[SUPPLIED DATA]

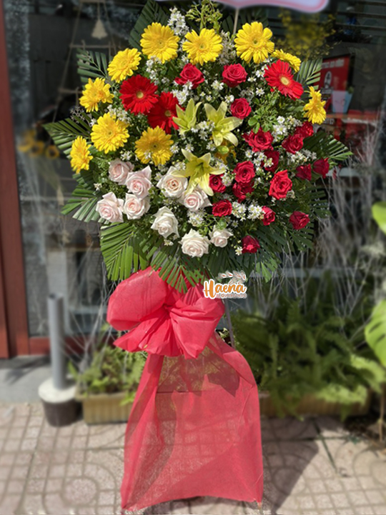 Tặng kèm thiệp chúc mừng, băng rôn, bảng treo theo thông điệp yêu cầu
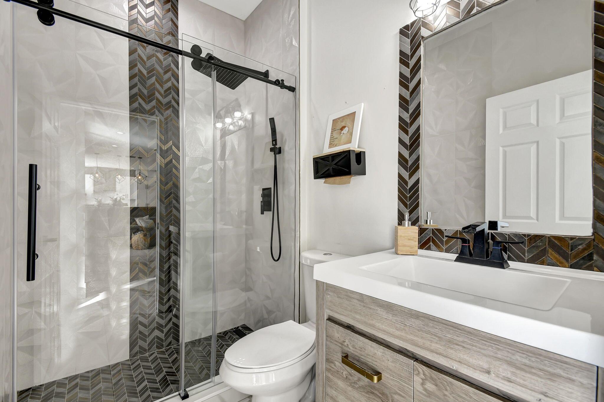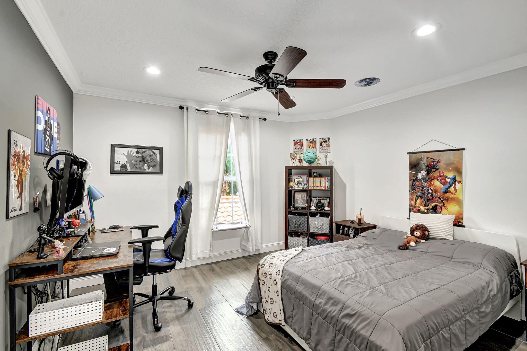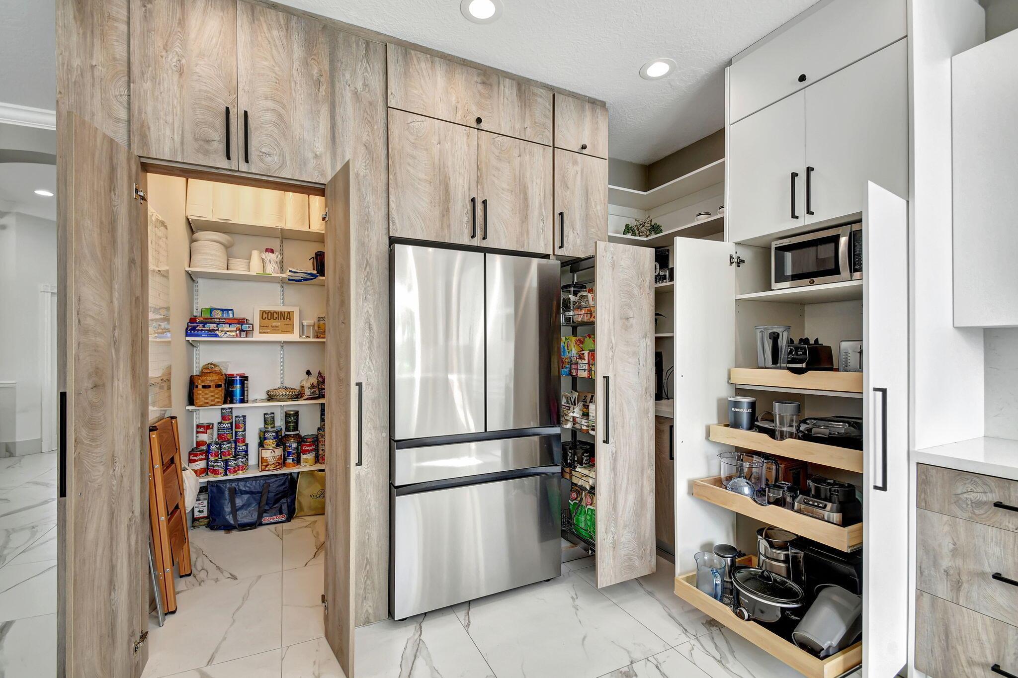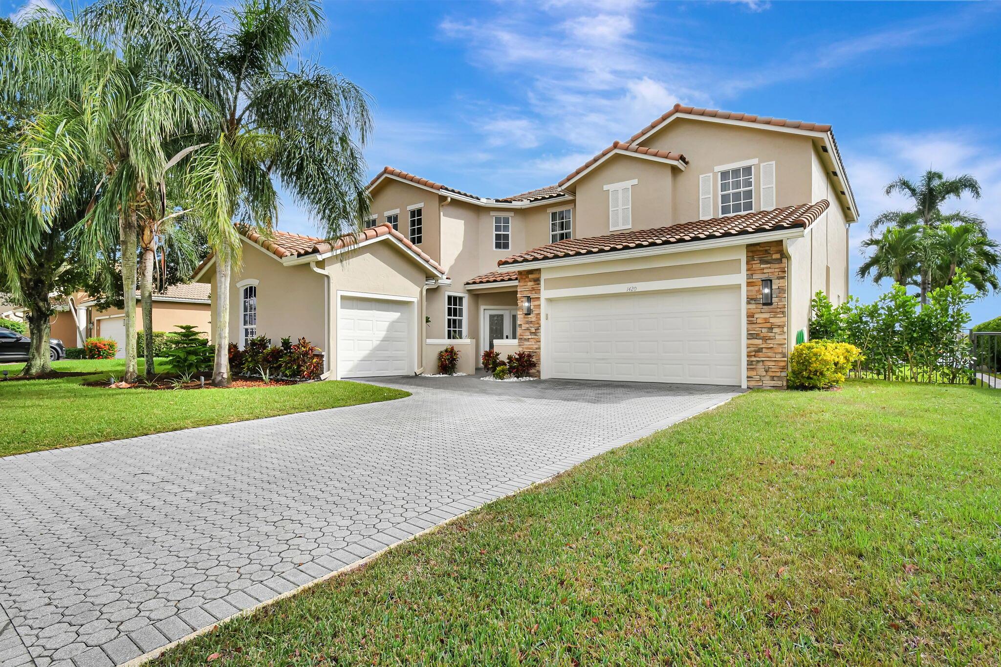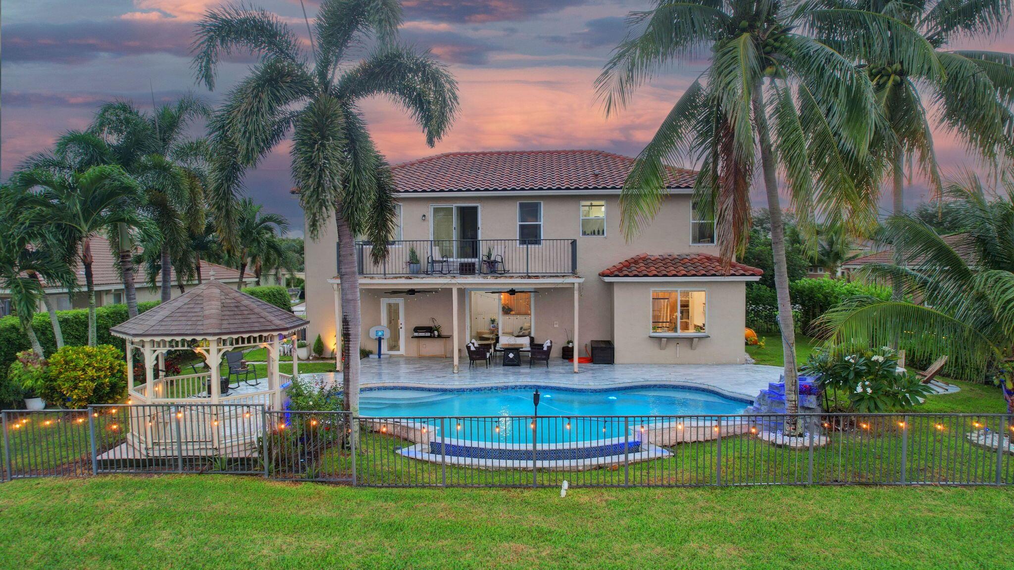 Fabulous renovated former model home (4/3/3)on an enormous lake with a heated pool and a fenced yard. Exceeding $300,000, the upgrades include marble porcelain floors throughout downstairs and wood look tile upstairs, full impact glass, 2 new a/c’s, 2 remodeled bathrooms, new pool tile, pool heater and stone waterfall. Also recently, the pool decking was transformed with marble and a firepit was added, the kitchen was totally renovated, and even the garage was resurfaced with an epoxy flake finish. The totally remodeled gourmet kitchen has new contemporary cabinets with pullouts, white quartz counter, grey marble eat-in counter, new Samsung stainless steel appliances, farmhouse sink overlooking the pool and lake, and a large walk-in pantry. A bedroom and a full cabana bath are on the
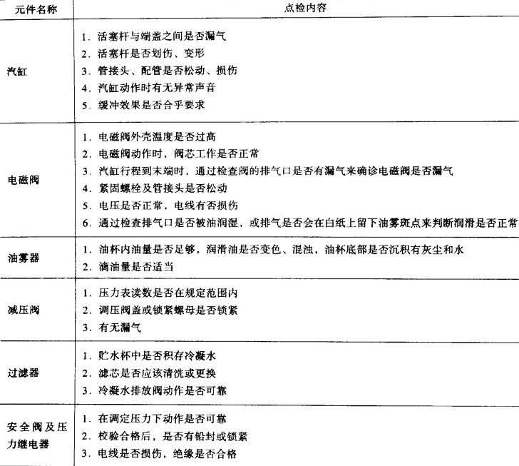 (2)氣動(dòng)元件的定檢。主要內(nèi)容是徹底處理系統(tǒng)的漏氣現(xiàn)象。例如,更換密封元件,處理管接頭或連接螺釘松動(dòng)等,定期檢驗(yàn)測(cè)量?jī)x表、安全閥和壓力繼電器等。氣動(dòng)元件的定檢如表所示
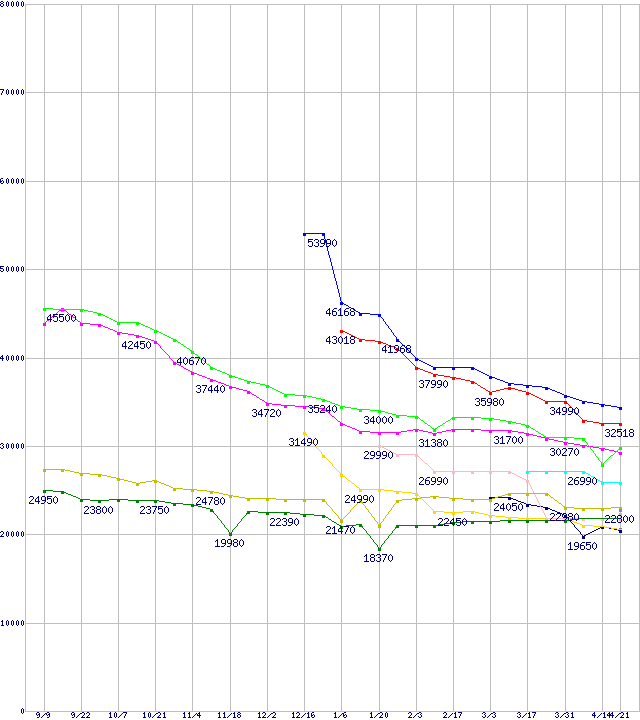 HDD主要製品の最安値推移
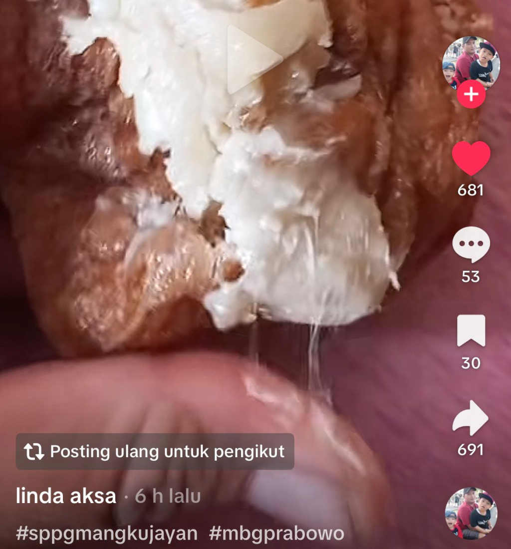 Hal ini terungkap dalam postingan akun Tiktok @ajiaksa yang diunggah 6 hari lalu. Dalam postingan kurang dari 1 menit itu, terlihat pemosting tengah memperlihatkan kondisi Tahu Bakso yang telah berlendir dan mengeluarkan bau basi sebelum dimakan. Tahu Bakso ini sendiri merupakan menu MBG yang diterima oleh anaknya saat sekolah. Dalam kolom komentar pemosting menyebut menu tersebut berasal dari SPPG Mangkujayan.
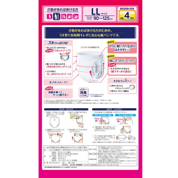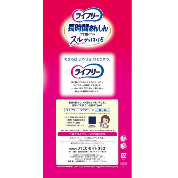 라이프리 장시간 안심 얇은 팬츠 LL 16매 유니참 > 슬림형
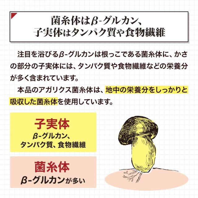 大きな注目を浴びているアガリクスの主要成分であるβ-グルカンを抽出するために、従来はかさ(子実体)の部分のものが多く利用されていました。しかし、実は根っこである菌糸体に子実体よりも多くのβ-グルカンが含まれることが、研究の結果わかったのです。アガリクス菌糸体は、地中の栄養分を吸収し成分を豊富に含む菌糸体を使用している点が、まず従来と大きく違います。一方子実体には、タンパク質や食物繊維などの栄養分が含まれています。

[/SUPPLIED DATA]

● TASK OBJECTIVE:
The answer must be an exact transcription of the lines from the one holding "라이프리 장시간 안심 얇은 팬츠 LL 16매 유니참 > 슬림형" to the last line of the entries above, with no pictures and nothing else.

● COMPLETED TASK:
 라이프리 장시간 안심 얇은 팬츠 LL 16매 유니참 > 슬림형
 大きな注目を浴びているアガリクスの主要成分であるβ-グルカンを抽出するために、従来はかさ(子実体)の部分のものが多く利用されていました。しかし、実は根っこである菌糸体に子実体よりも多くのβ-グルカンが含まれることが、研究の結果わかったのです。アガリクス菌糸体は、地中の栄養分を吸収し成分を豊富に含む菌糸体を使用している点が、まず従来と大きく違います。一方子実体には、タンパク質や食物繊維などの栄養分が含まれています。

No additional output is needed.